Les tensions géopolitiques persistantes, la fragmentation accrue du commerce mondial, les pressions démographiques et les défis climatiques constituent un scénario exigeant. Toutefois, la trajectoire économique du Portugal, bien que prudente, est structurellement saine.

La croissance du PIB devrait se situer autour de 2 % en 2025, avec une légère accélération attendue en 2026. Il ne s'agit pas d'une croissance exubérante, mais elle est cohérente et supérieure à la moyenne de la zone euro. L'investissement et la consommation privée restent les principaux moteurs de l'activité, bien qu'il y ait des signes de modération future, en particulier avec la fin progressive de la mise en œuvre du PRR. L'inflation se stabilise à près de 2 %, le chômage reste à des niveaux historiquement bas et la dette publique poursuit sa trajectoire descendante, se rapprochant de niveaux qui renforcent la crédibilité extérieure du pays.

Ce cadre macroéconomique est particulièrement pertinent pour le secteur immobilier. Un marché immobilier durable dépend de trois piliers fondamentaux : l'emploi, la stabilité financière et la confiance des institutions. Et ces piliers sont, à l'heure actuelle, présents.

Il est vrai que les investissements directs étrangers se sont contractés par rapport à la même période de l'année dernière, reflétant l'incertitude de l'environnement mondial.

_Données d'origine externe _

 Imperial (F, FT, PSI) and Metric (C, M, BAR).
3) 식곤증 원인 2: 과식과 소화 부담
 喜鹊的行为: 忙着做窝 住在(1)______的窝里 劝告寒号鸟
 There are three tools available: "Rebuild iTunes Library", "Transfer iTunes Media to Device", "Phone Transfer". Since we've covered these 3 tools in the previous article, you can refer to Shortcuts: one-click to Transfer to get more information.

Cependant, il est important de souligner que les secteurs de l'immobilier et de la construction continuent de capter une part très importante de ces capitaux. Dans le contexte de volatilité internationale, l'actif immobilier s'affirme comme une valeur refuge, en raison de sa tangibilité et de sa capacité à générer des revenus stables, comme le montre la WMarket Review Year-End 2025-2026.

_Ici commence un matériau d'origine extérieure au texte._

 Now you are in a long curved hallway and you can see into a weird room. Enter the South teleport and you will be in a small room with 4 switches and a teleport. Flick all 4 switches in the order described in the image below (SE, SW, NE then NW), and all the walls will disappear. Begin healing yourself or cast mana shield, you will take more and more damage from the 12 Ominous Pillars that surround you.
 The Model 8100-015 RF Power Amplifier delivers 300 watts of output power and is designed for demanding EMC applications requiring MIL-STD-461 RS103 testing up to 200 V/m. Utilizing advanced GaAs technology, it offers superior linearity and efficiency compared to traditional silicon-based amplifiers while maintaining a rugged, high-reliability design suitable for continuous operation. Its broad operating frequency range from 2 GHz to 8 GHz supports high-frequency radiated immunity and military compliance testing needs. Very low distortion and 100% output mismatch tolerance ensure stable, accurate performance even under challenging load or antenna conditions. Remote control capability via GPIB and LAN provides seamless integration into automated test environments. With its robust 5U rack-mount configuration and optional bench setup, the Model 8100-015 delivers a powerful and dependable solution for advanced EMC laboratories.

Le Portugal bénéficie aujourd'hui d'une combinaison rare dans le contexte européen : une amélioration continue des notations souveraines, un marché du travail à des niveaux historiques et une base de talents qualifiés de plus en plus reconnue au niveau international. À cela s'ajoutent une forte intégration des énergies renouvelables et une position stratégique en tant que plateforme atlantique.

Toutefois, il existe un facteur décisif qui ne peut être ignoré : la crédibilité. Dans un environnement mondial sensible, toute instabilité réglementaire ou fiscale a un impact immédiat sur la perception du risque. La confiance est un actif invisible, mais absolument décisif pour attirer les investissements.

Selon moi, 2026 sera une année de consolidation et non d'expansion accélérée. Et c'est une bonne chose. Une croissance soutenue, basée sur des fondamentaux solides, est préférable à des cycles artificiels alimentés par des liquidités excessives. La maturité économique est désormais un avantage concurrentiel.

Le défi consiste maintenant à transformer la stabilité en croissance structurelle, en augmentant la productivité, en accélérant l'investissement productif et en résolvant les contraintes critiques telles que le logement et l'octroi de licences. En effet, si ces variables ne sont pas résolues, l'économie peut croître, mais elle n'atteindra pas son potentiel.